19. Delivery and Acceptance of Deliverables:
- Delivery Method: Deliverables shall be delivered in [Physical or Digital Form, e.g., Email, Cloud Storage].
- Acceptance Timeline: The Client shall provide written acceptance or rejection of deliverables within [Number] days of delivery.
- E-Signature Compliance: This Agreement may be executed electronically in compliance with the New York Electronic Signatures and Records Act.
20. Miscellaneous:
- Severability: If any provision of this Agreement is held to be invalid or unenforceable, the remaining provisions shall remain in full force and effect.
- Entire Agreement: This Agreement constitutes the entire agreement between the parties and supersedes all prior or contemporaneous communications and proposals, whether oral or written.

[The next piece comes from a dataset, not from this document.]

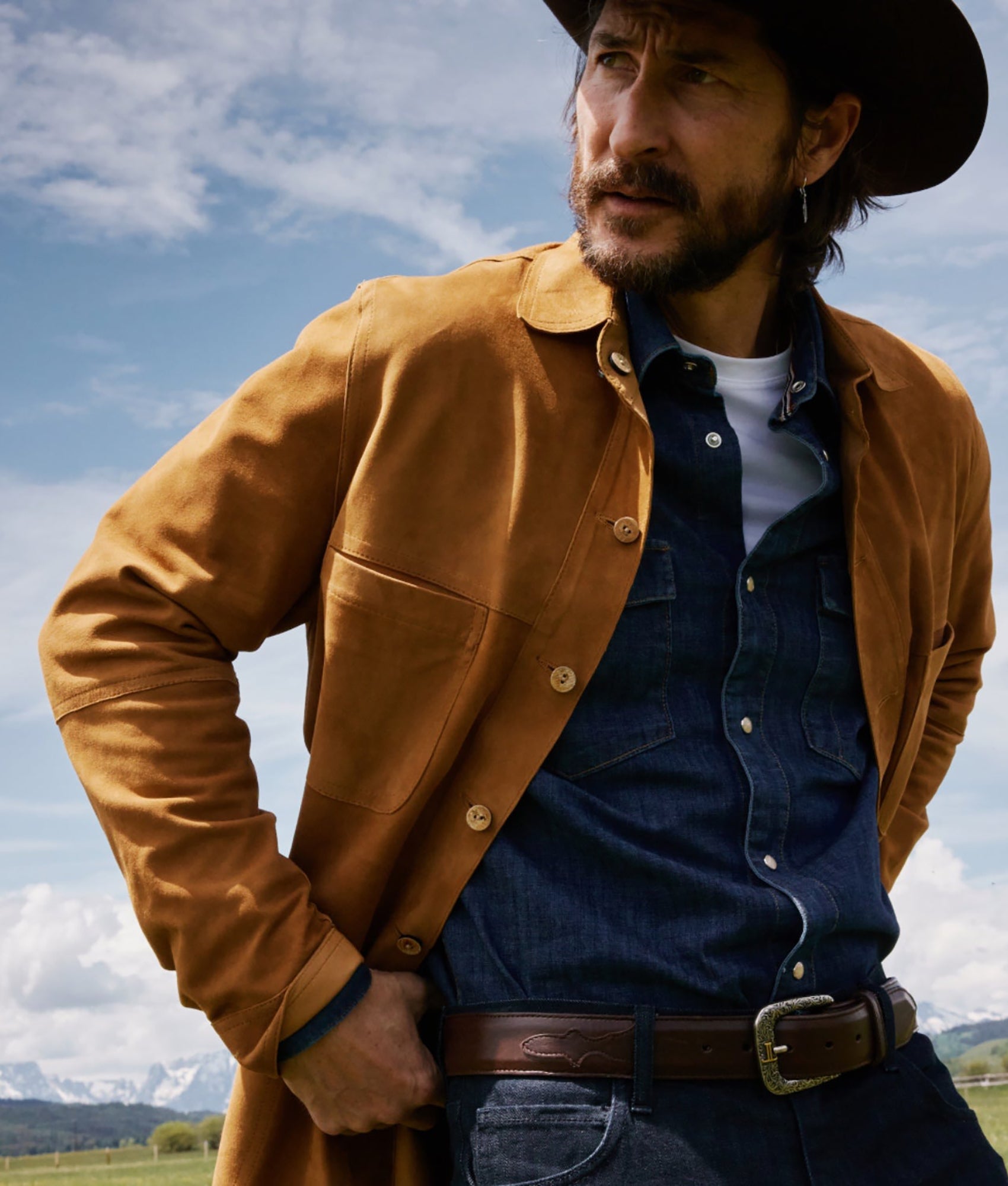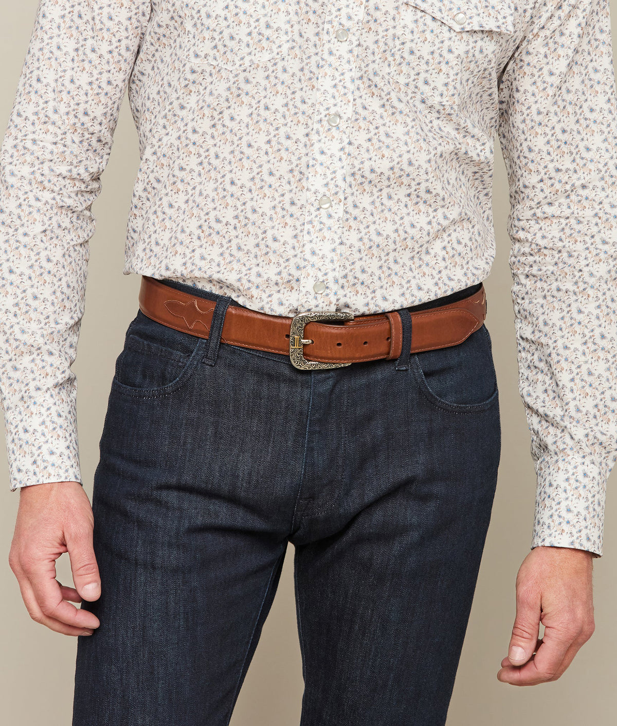 Lucchese men's belt made with ranch hand cowhide leather. Lucchese craftsmen use a unique polish method that create different hues and add texture to the leather, giving it a vintage look. The belt is made with durable cowhide leather and features a silver plated buckle with Western details. Handmade in Texas. 1.5" wide Removable buckle

- Assignment: Neither party may assign this Agreement without the prior written consent of the other party.
- Counterparts: This Agreement may be executed in counterparts, each of which shall be deemed an original, but all of which together shall constitute one and the same instrument.
- Notices: All notices required or permitted under this Agreement shall be in writing and shall be deemed effectively given upon: (a) personal delivery; (b) email transmission to [Service Provider Email Address] and [Client Email Address]; or (c) mailing by certified mail, return receipt requested, to the addresses set forth above.
[Service Provider Full Legal Name]
By: [Authorized Signatory Name]
Title: [Title of Signatory]
Date: [Date]
[Client Full Legal Name]
By: [Authorized Signatory Name]
Title: [Title of Signatory]
Date: [Date]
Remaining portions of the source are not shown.